*** Entries provided ***

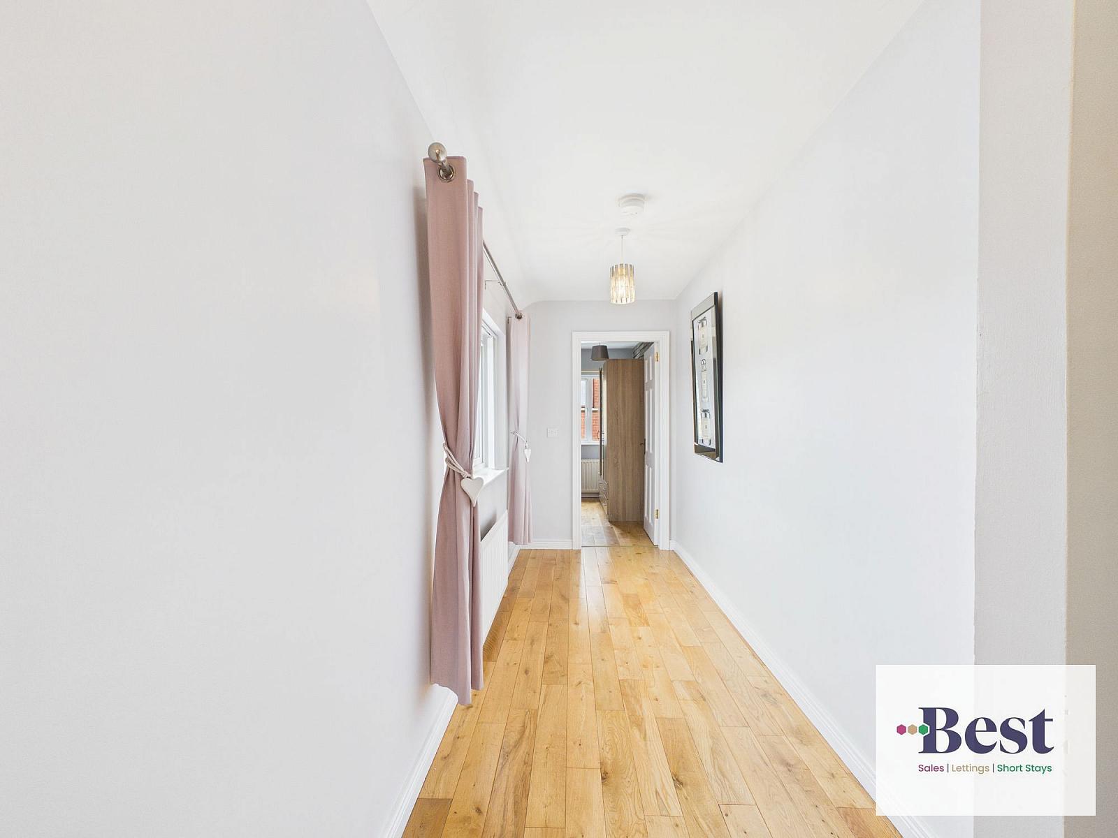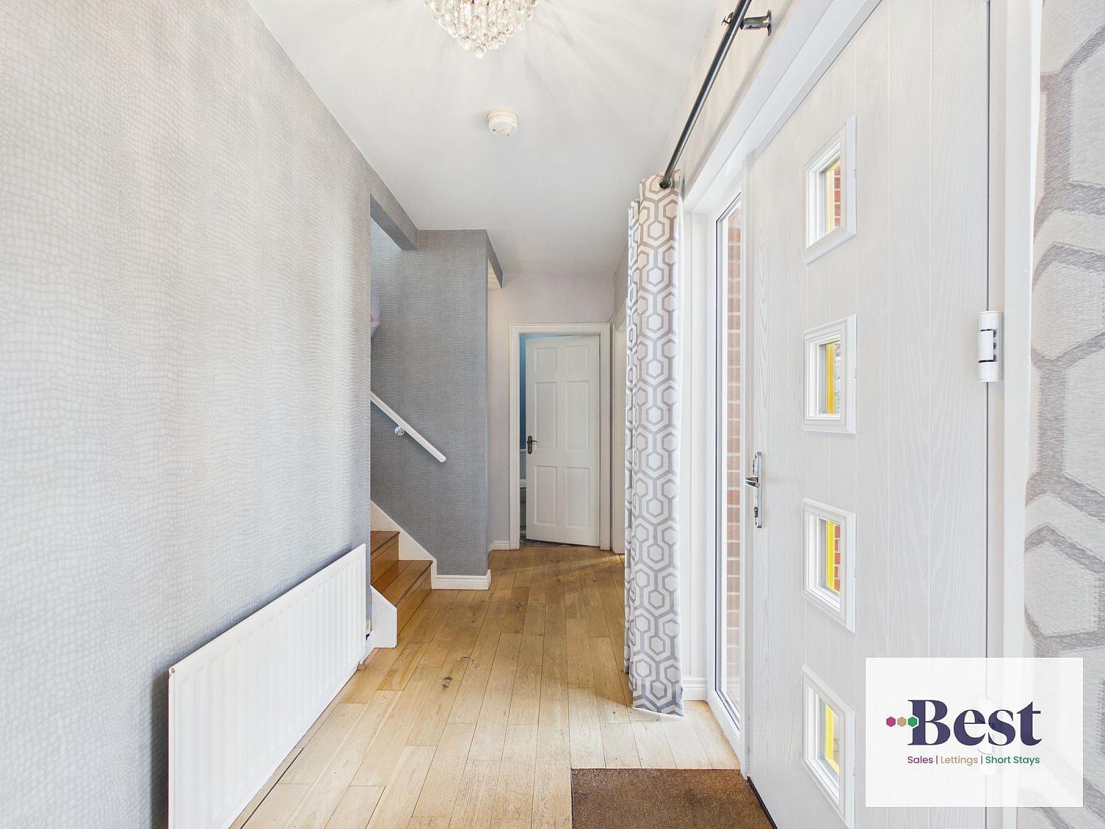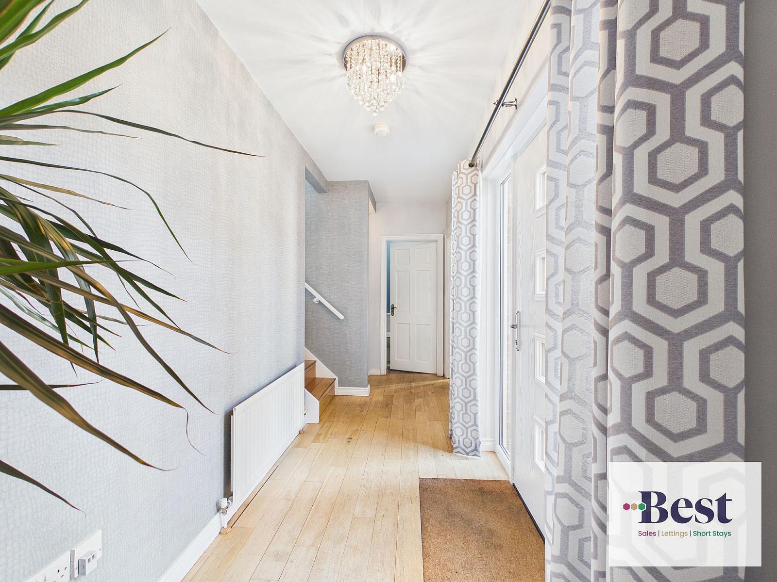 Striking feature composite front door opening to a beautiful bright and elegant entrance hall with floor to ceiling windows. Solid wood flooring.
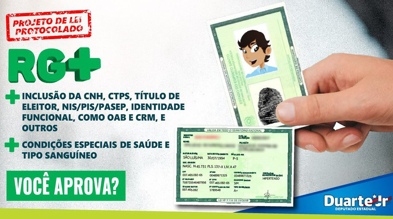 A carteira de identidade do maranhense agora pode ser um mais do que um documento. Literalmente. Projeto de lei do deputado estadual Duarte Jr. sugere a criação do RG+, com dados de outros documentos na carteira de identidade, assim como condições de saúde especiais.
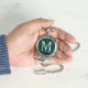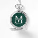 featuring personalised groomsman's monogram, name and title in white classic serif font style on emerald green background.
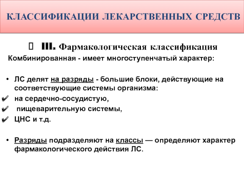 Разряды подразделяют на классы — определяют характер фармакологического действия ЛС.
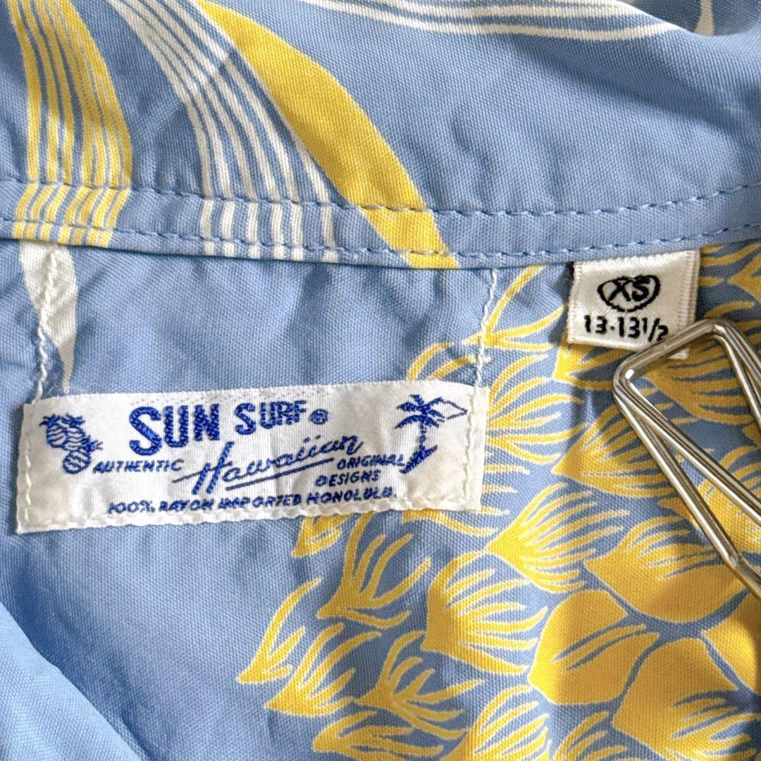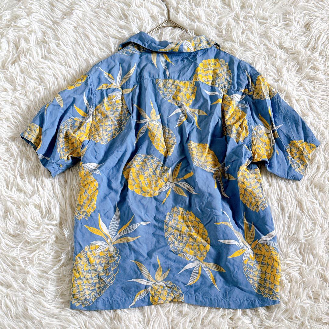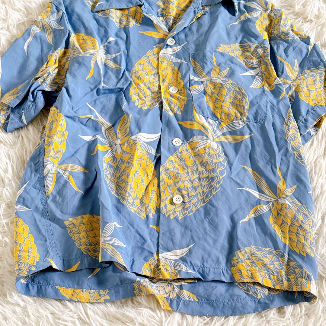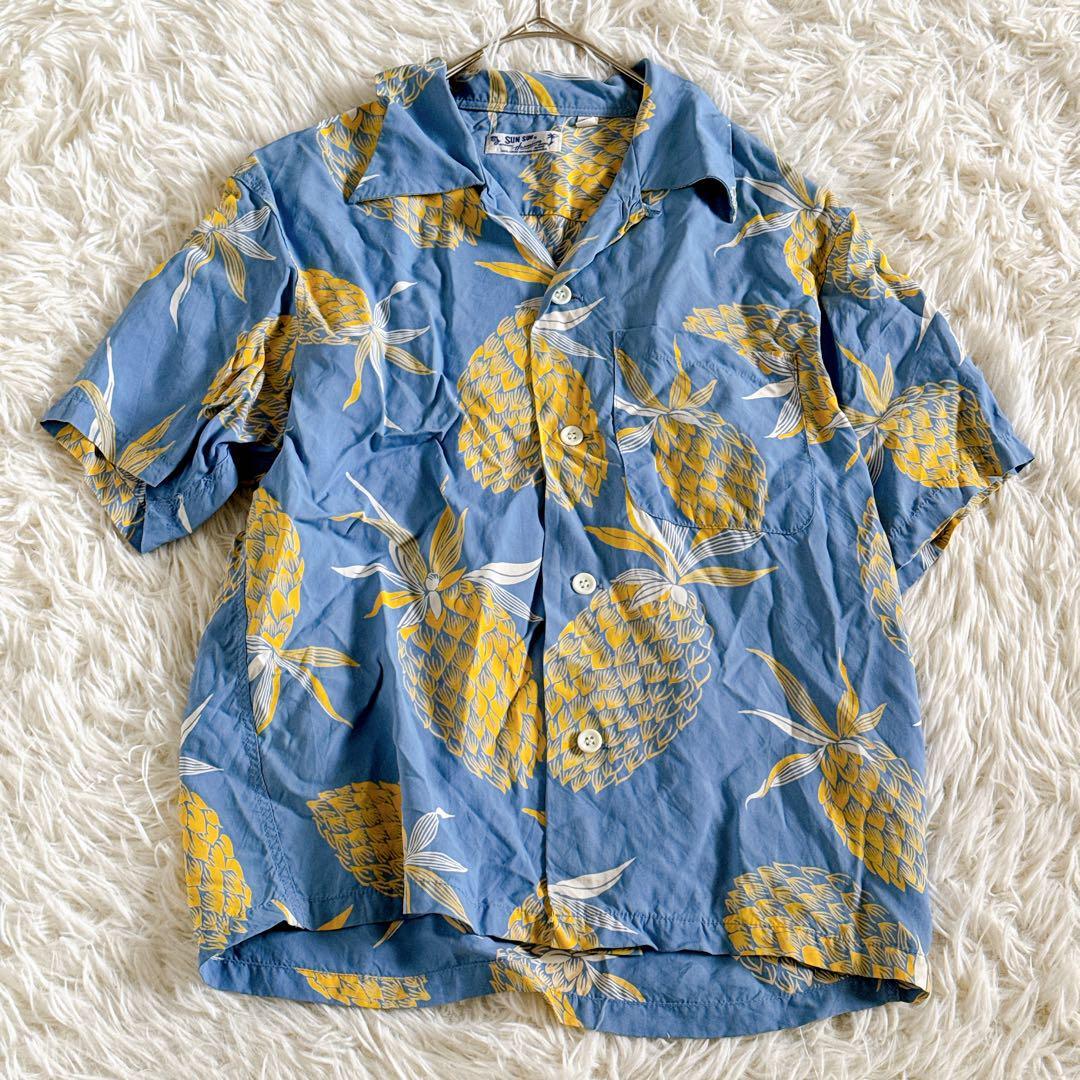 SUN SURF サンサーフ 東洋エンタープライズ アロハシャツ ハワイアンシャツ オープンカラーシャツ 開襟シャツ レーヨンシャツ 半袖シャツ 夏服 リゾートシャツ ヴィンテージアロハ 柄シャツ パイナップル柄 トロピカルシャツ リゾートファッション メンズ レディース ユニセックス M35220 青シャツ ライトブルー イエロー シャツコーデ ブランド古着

*** End of Entries provided ***
*** Entries provided ***

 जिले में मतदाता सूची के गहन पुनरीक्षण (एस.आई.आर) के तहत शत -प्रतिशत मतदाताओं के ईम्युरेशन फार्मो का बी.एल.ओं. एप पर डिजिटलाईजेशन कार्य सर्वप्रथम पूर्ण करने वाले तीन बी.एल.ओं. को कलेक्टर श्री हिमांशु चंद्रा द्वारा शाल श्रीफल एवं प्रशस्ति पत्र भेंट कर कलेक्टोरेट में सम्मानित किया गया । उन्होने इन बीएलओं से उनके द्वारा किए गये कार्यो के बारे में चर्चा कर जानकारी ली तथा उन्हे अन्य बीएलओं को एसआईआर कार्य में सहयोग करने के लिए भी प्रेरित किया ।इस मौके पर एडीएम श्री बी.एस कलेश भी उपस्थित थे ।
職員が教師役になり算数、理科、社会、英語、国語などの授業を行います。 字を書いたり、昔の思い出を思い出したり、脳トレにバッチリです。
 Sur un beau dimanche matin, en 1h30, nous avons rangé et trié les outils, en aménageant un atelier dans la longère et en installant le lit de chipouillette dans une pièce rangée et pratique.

*** End of Entries provided ***
*** Entries provided ***

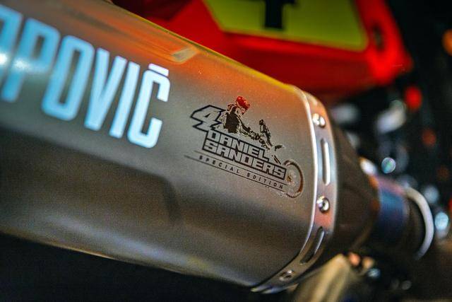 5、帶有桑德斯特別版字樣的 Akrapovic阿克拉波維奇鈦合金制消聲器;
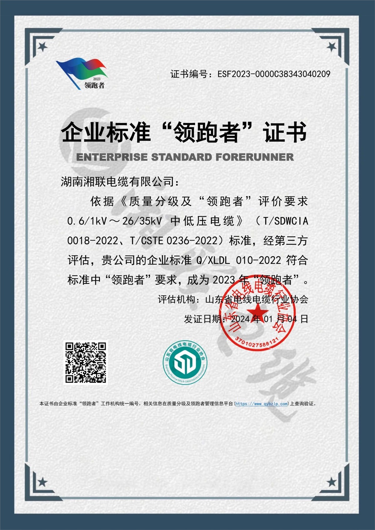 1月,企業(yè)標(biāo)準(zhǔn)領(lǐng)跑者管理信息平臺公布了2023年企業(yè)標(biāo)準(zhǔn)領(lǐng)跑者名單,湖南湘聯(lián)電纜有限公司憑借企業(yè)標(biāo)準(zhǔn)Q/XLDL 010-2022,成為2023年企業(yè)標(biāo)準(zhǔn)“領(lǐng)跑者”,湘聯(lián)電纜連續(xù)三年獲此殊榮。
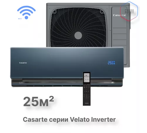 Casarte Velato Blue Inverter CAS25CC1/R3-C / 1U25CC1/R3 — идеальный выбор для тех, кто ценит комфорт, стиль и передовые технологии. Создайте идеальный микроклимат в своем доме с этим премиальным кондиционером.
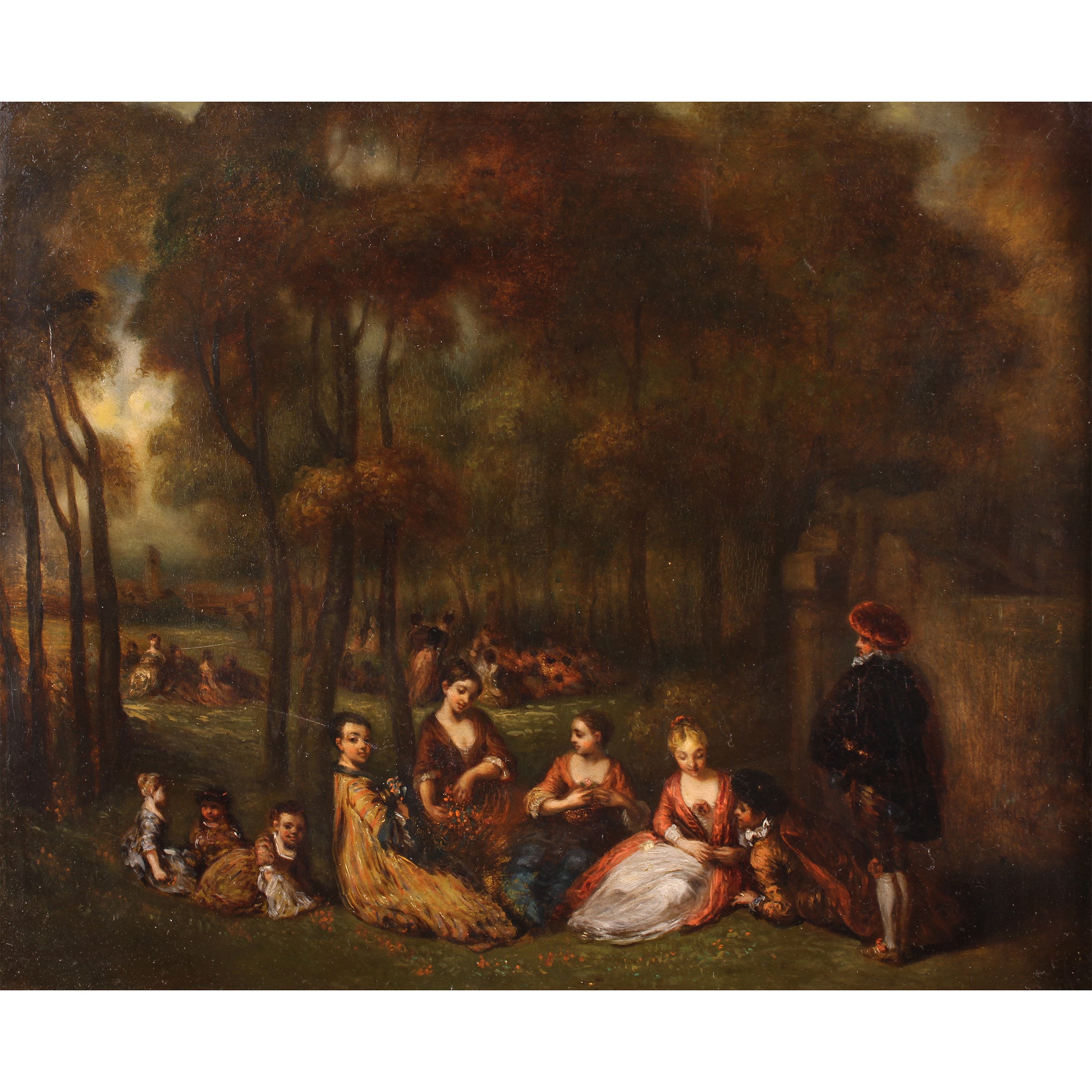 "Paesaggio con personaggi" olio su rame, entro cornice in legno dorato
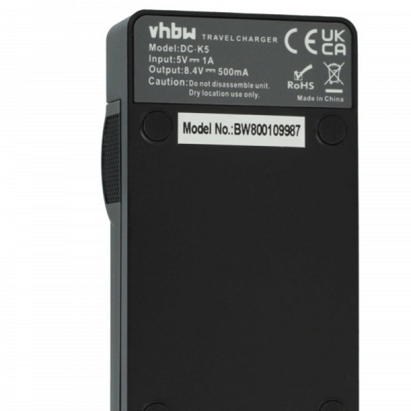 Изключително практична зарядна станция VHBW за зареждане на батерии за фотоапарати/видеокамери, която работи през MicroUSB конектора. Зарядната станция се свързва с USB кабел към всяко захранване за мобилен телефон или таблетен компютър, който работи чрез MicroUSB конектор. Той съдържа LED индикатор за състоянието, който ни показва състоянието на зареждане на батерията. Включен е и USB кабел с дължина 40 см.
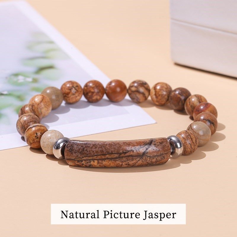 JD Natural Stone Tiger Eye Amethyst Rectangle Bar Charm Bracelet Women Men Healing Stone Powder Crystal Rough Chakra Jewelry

*** End of Entries provided ***

-- Action item --
Above, find the line holding "Striking feature composite" and the line holding "Разряды подразделяют на". Print exactly those two lines and every line between them, but no pictures.

-- Task output --
 Striking feature composite front door opening to a beautiful bright and elegant entrance hall with floor to ceiling windows. Solid wood flooring.
 A carteira de identidade do maranhense agora pode ser um mais do que um documento. Literalmente. Projeto de lei do deputado estadual Duarte Jr. sugere a criação do RG+, com dados de outros documentos na carteira de identidade, assim como condições de saúde especiais.
 featuring personalised groomsman's monogram, name and title in white classic serif font style on emerald green background.
 Разряды подразделяют на классы — определяют характер фармакологического действия ЛС.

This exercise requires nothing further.